Человек долго и внимательно смотрел на меня. Хотя он и продолжал улыбаться, мне сделалось жутко, как недавно на остановке. Бежать было некуда. Ещё он был похож на сбитый с траектории бумеранг, но, готов поставить на что угодно, я всего лишь произнёс его слова. Улыбается, безмятежно курит. Мне представилось, как он вот так же с сигаретой и улыбкой привязывает к стулу одну из жертв, подключает провода, пускает ток. Понятно, не безобидное напряжение, как проделывал это со мной Максимыч.
- Наверно, вы один из тех, - сказал я, - кто стучит башмаками на маршах несогласных с транспарантами, украшенными словами «Долой!» и «Мы против!» Вы – коммунист?
- Нет, я не коммунист. Никогда не был ни в какой партии. А вот вы, Роберт, всем довольны? Вам никогда не приходило в голову, что происходящему у нас в стране слово одно – блядство! Или только я один замечаю вокруг сюрреалистические картинки? Ах, да, митинги, транспаранты… никогда не ходил. Зато видел недавно такую картинку: пожилая женщина везёт на салазках труп, завёрнутый в простыню. Ни дать, ни взять, блокадный Ленинград. На светофоре останавливается, ждёт, когда загорится зелёный, потом тащит дальше, начинается асфальт, меняет руки, сама одета плохенько, машины притормаживают, кто пальцами тычет, кто улыбается. Один прохожий сказал: «Сумасшедшая». Батюшка какой-то рыло бородатое равнодушно из иномарки высунул и дальше поехал. Я догнал, взял молча верёвку, тащим салазки вдвоём, молчим, а я всё жду, когда проснусь, никак не мог поверить в происходящее. Потом сворачиваем во двор, к хрущевскому подъезду, и она начинает рассказывать. Сына везёт из морга. Пил, умер. Пенсия маленькая, накоплений нет, забрать – машину надо, а ни друзей, ни родственников тоже нет, хорошо хоть, что до дома от морга недалеко. Просить же кого – не привыкла, всю жизнь только на себя надеется. Санитарка в морге, спасибо, помогла тело в простыню завернуть и на салазки загрузить.
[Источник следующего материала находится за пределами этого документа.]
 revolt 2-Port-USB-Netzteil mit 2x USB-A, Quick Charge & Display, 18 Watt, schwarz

Спрашиваю, как хоронить будете? Отвечает, как-нибудь с Божьей помощью, а если что – на балкон положит, до весны, весной-то легче могилку вырыть …
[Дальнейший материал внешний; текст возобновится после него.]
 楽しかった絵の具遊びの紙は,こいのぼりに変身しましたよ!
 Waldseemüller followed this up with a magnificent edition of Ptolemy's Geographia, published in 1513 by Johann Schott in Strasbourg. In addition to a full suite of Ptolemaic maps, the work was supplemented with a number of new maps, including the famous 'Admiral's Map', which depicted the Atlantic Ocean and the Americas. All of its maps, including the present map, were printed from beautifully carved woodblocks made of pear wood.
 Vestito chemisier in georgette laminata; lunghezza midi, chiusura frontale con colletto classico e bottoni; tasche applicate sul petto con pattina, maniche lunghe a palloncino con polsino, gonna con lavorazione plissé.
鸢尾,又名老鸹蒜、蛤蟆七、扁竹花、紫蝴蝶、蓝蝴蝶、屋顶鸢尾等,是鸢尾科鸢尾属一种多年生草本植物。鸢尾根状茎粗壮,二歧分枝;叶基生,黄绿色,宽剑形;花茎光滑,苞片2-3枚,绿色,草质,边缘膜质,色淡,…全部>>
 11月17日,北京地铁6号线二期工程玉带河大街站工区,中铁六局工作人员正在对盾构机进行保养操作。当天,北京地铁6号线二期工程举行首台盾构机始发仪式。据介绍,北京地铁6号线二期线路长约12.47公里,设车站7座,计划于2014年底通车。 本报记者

Я глядел на эту женщину, Роберт, и она со своим мертвым сыном, привязанным к салазкам, с ненужностью своей казалось мне воплощением всех бед и страданий на нашей планете. Плакать хотелось мне, рыдать хотелось навзрыд, я едва сдерживался, чтобы не бросится перед этой пожилой женщиной на колени и целовать её грубые руки, вымаливать прощение за какие-то одному мне ведомые перед ней грехи. Казалось мне, это брат мой к салазкам привязан, а она моя матушка, и не она сумасшедшая, как сказал тот прохожий, а это все мы посходили с ума...
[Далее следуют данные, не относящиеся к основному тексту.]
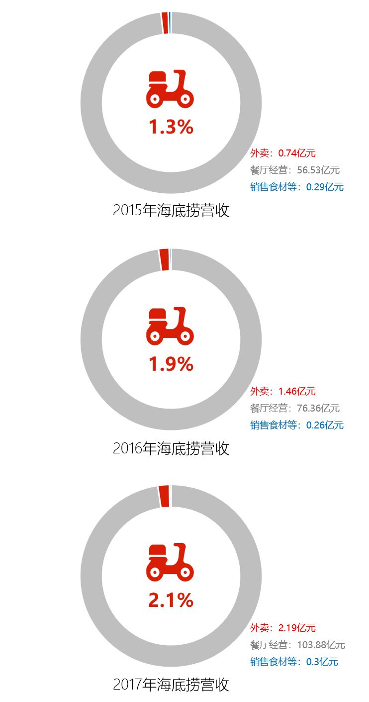 1.餐厅经营是主要收入来源,但外卖也卖了2个亿。

Михаил Ильич, затушив окурок двумя пальцами, аккуратно положил в жестянку, улыбка на его лице сменилась усмешкой.
- Какая к чёрту власть, когда такое происходит? Нет, Роберт, я не коммунист, и не из той злой породы, которая митингует в надежде сменить рубище на буржуйское авто и домик с бассейном. У меня успешный бизнес. И мог бы быть ещё успешнее, если бы я сливал конкурентов и заказывал компаньонов. Для меня это неприемлемо. Но и законопослушным мещанином не могу оставаться, когда вижу вокруг такое.
Странно было слышать эти слова от человека, пытавшегося вершить правосудие с помощью самодельного электрического стула, воображая себя, очевидно, героем комикса. Я попытался вспомнить, что именно писала сегодняшняя местная газета «Про наш город» о Чокнутом Электрике, которую читал буквально в обед в троллейбусе (пропасть времени прошла с тех пор), заглядывая кому-то через плечо. Кого-то поджарил, но кого и за что? Насмерть или слегка, как меня Максимыч? Помню, что первую полосу украшали фотографии стула, сделанные на зловещем чёрном фоне, но дальше картинка размывалась из-за обилия подобных заголовков. Чокнутые, психи, вполне приличные люди, в пьяном угаре и здравой памяти, каждодневно вершили в городе тёмные делишки с жертвоприношением, дабы не оставлять злое Божество некрасивых ипотечных улиц без порции крови, а газетчиков без куска хлеба. Я если и беру в руки нашу газету, то только для того, чтобы открыть на предпоследней странице, где можно полюбоваться на цветное фото девушки недели в купальнике и прочитать её ответы на стандартные вопросы: Путин или Медведев? Любимое блюдо? Заветная мечта? Идеал мужчины? Девушки на фото всегда разные, но ответы поразительны однообразны: Путин. Мясо по-французски. Побывать в Италии, если скромненько. Объехать весь мир, если с размахом. Портрет идеального мужчины предполагается из трех персон: либо это Брэдд Питтт, либо Джастин Тимберлейк, либо молодой человек самой тупицы с газетного снимка.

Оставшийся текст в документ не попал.